▶ [Data shown]:
* * * * * * *

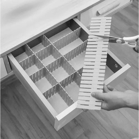 Kit Com 12 Organizador Divisória Gaveta Tiras Ajustavel Plástico Branco
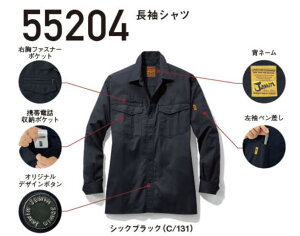 55900シリーズデザイン性と快適性を兼ね備えた、カジュアルテイストの作業服シリーズ!! ファスナーの配色や、斜めにきりあがった胸ポケットのエッジが効いた、シャープなデザインです。消臭&抗菌効果のあるDEO+テープやベンチレーションメ...
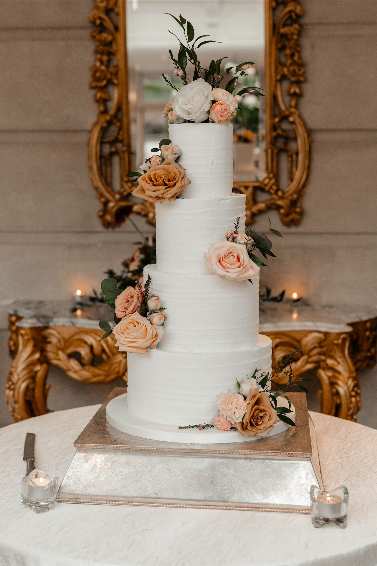 The gorgeous and simple cake was from Little Topper Cakes and was exactly as we imagined it with simple white icing and decorated with flowers. We sourced the candles ourselves, buying out the tea light section in Ikea and a couple of lovely fluted tea light holders from Penneys. To emphasise the spring element, we selected pillar candles from Ikea in varieties of pinks and lighter greens with simple gold trays to place them on.

* * * * * * *

▶ [Exercise objective]:
Where pictures appear, drop them, and reproduce exactly only the lines running from the beginning of the data to the line that contains "55900シリーズデザイン性", inclusive.

▶ [Written solution]:
 Kit Com 12 Organizador Divisória Gaveta Tiras Ajustavel Plástico Branco
 55900シリーズデザイン性と快適性を兼ね備えた、カジュアルテイストの作業服シリーズ!! ファスナーの配色や、斜めにきりあがった胸ポケットのエッジが効いた、シャープなデザインです。消臭&抗菌効果のあるDEO+テープやベンチレーションメ...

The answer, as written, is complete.